Anxiety is a state of worry, apprehension, and fear. It is the body’s response to stress and uncertainty, whether an imminent danger or something perceived only in the mind as potentially harmful. In today’s world, fear isn’t provoked only in response to fight or flight-inducing situations such as a bear running after you (although on Vancouver Island that is an actual possibility…). Fear can be triggered by anything from worrying about an academic test to whether or not we’re accepted socially to walking home from work alone.
Anxiety can be experienced acutely, such as while delivering a speech, or it can be experienced more long-term, during day-to-day activities. In this case, when anxiety seeps into someone’s general thinking, feeling, and being, it can make even the simplest tasks feel incredibly overwhelming and unmanageable. When anxiety takes over someone’s life like this, it can be classified as an anxiety disorder. Anxiety disorders are a type of mental and emotional illness and include phobias, panic disorders, and social anxiety disorders.
Anxiety takes many forms and they can vary from individual to individual. Some of the known physical and mental symptoms of anxiety are:
- Rapid, short breath
- Circling, repetitive thinking
- Increased heart rate
- Shaky hands
- Lack of focus/difficulty concentrating
- Feelings of unreasonable panic, fear, and worry
- Emotional pain and uneasiness
- Trouble sleeping
- Tense neck and shoulders
- Difficulty making decisions, especially as they relate to the future
A major problem with any level of anxiety is that it can often lead one to develop harmful coping mechanisms to suppress the uncomfortable feelings. Smoking, overeating, drug use, and alcoholism, are all examples of unhealthy coping strategies used to manage anxiety. If you’re experiencing any symptoms of anxiety, it’s important first to recognize it. Awareness is key. Once you become aware of what’s going on in your life or any mental patterns that are causing your body stress, you can start to take proactive steps towards minimizing anxiety and finding healthy coping patterns.
Effective coping strategies will vary from person to person, and you’ll need to get in touch with yourself to figure out what works best for you. Here are a couple of ideas about how to manage and alleviate anxiety:
- Talk it out. Find a trusted confidante, such as a friend or teacher, whom you can share your experience with. Sometimes all we need is a non-judgmental listening ear to allow us to articulate what’s really going on and gain clarity. Better yet, and especially if you have benefits or can access public support programs, speak with a professional counsellor. Many counsellors use cognitive-behavioural therapy (CBT) as a tool to heal anxiety. The goal of CBT is to identify and alter any negative thought patterns that lead to anxiety. Once the thought patterns are identified, the practitioner helps the person replace them with healthy thinking patterns which lead to healthier behaviours.
- Count your breath. As a powerful anti-stress tool, breathing reduces heart rate, calms the nervous system, and carries oxygen throughout the bloodstream. The simple act of catching yourself when your mind is spiraling into anxious patterns and taking three deep breaths can work miracles for reducing stress and anxiety. Take advantage of the wealth of resources online that can support you in learning about breathwork and mindfulness. Here are a few: self-compassion expert and researcher Kristin Neff’s mindfulness meditations, UCLA Mindful Awareness Research Centre’s weekly podcasts, and Dr. Andrew Weil’s 4-7-8 breathing technique to apply anytime, anywhere.
- Take your vitamins/supplements. Speak with a health professional about what vitamins/minerals/supplements your body needs in order to operate at its peak.

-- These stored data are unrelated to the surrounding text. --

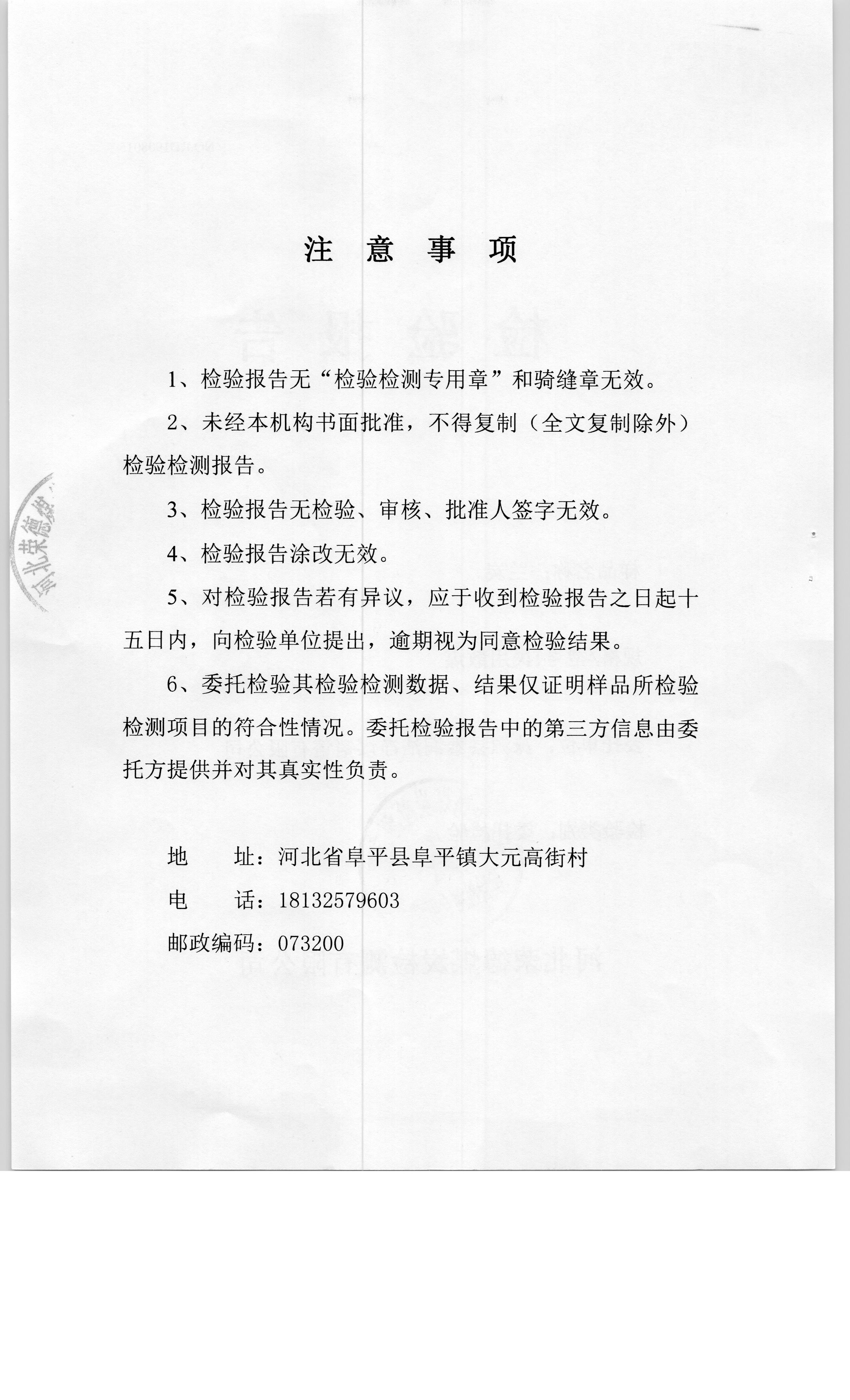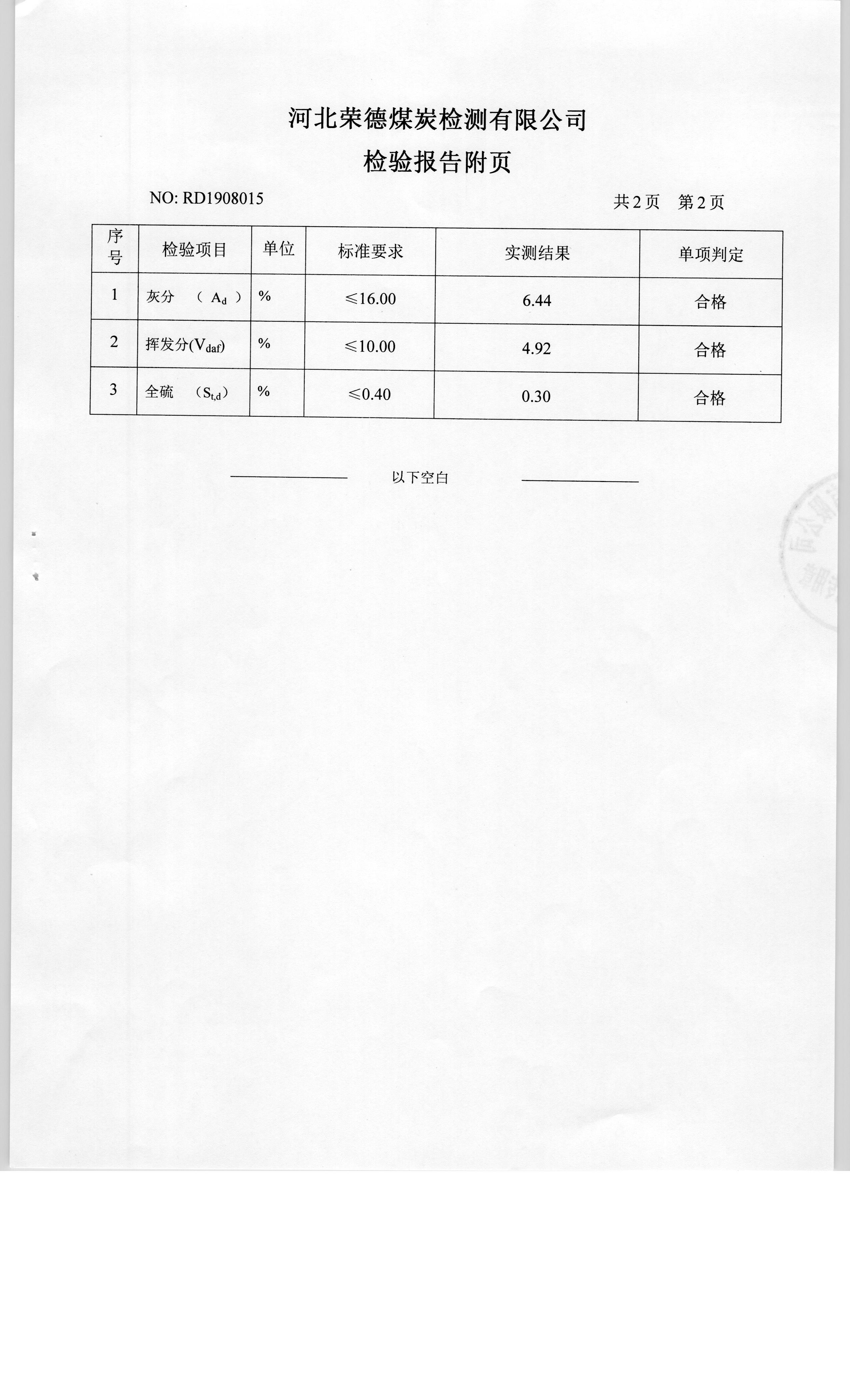 涞源县泰润洁净煤有限公司兰炭检验报告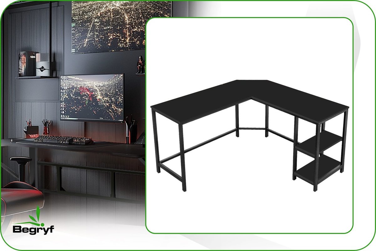 Biurko narożne duże z półkami czarne 138x138x75 VB8BK Begryf Bardzo solidny produkt – sprawdź! Eleganckie i funkcjonalne biurko z dwoma wbudowanymi półkami. Bardzo duży blat. Do wykorzystania w ...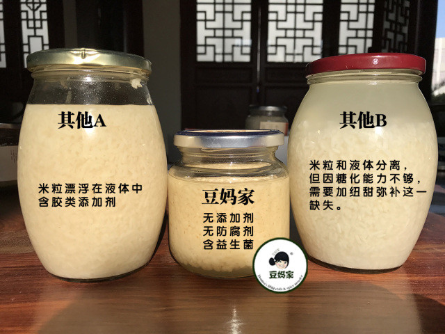 它采用的是单罐无菌发酵,无添加、无防腐剂,拒绝“大锅饭”似的发酵形式,让每一瓶甜酒都保留完整的发酵形态。每一个消毒后的无菌玻璃罐就是一个单独的“发酵室”,拒绝仓储式发酵后添加调味剂,水等物质二次装罐后销售。▼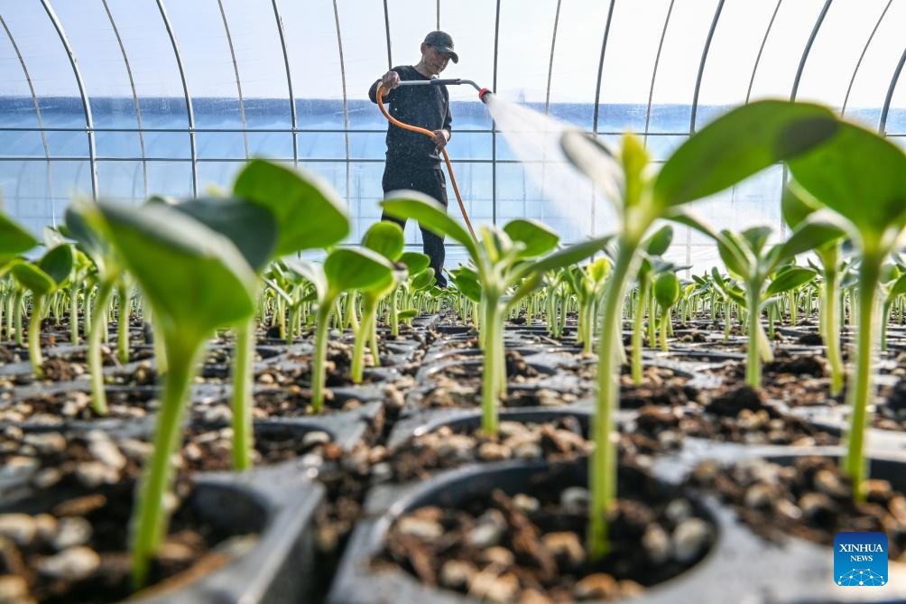 A villager waters the melon seedlings at Xiayi County in Shangqiu City, central China's Henan Province, Feb. 4, 2026. Wednesday marks "Lichun," or the Beginning of Spring, the first of the 24 solar terms on the Chinese lunar calendar. Traditionally, it is also a symbolic start of farming work for the new year. (Photo by Wang Gaochao/Xinhua)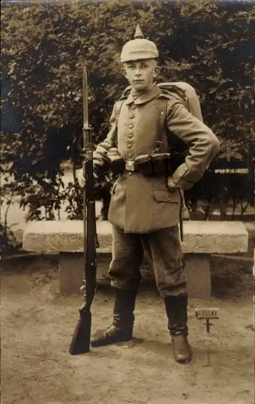 Foto Ak Junge in Uniform, Kaiserlicher Soldat, Portrait, Pickelhaube, Gewehr

Sometimes, something as basic as a small vitamin deficiency can weigh you down both physically and mentally. You can visit your local supplement store for tips on where to start, or you can contact us!
If someone close to you is experiencing anxiety and you aren’t sure what to do about it, let them know that you’re there for them. You might not understand exactly what they’re going through, but by being a good listener who is patient and kind you are providing them with a safe space, and that might be all they need to be able to see a way out of the overwhelming feelings. We hope this overview of anxiety and anti-stress tools for recovery has equipped you with the knowledge to create healthy behaviours that lead to a more empowered, calm, and happy life.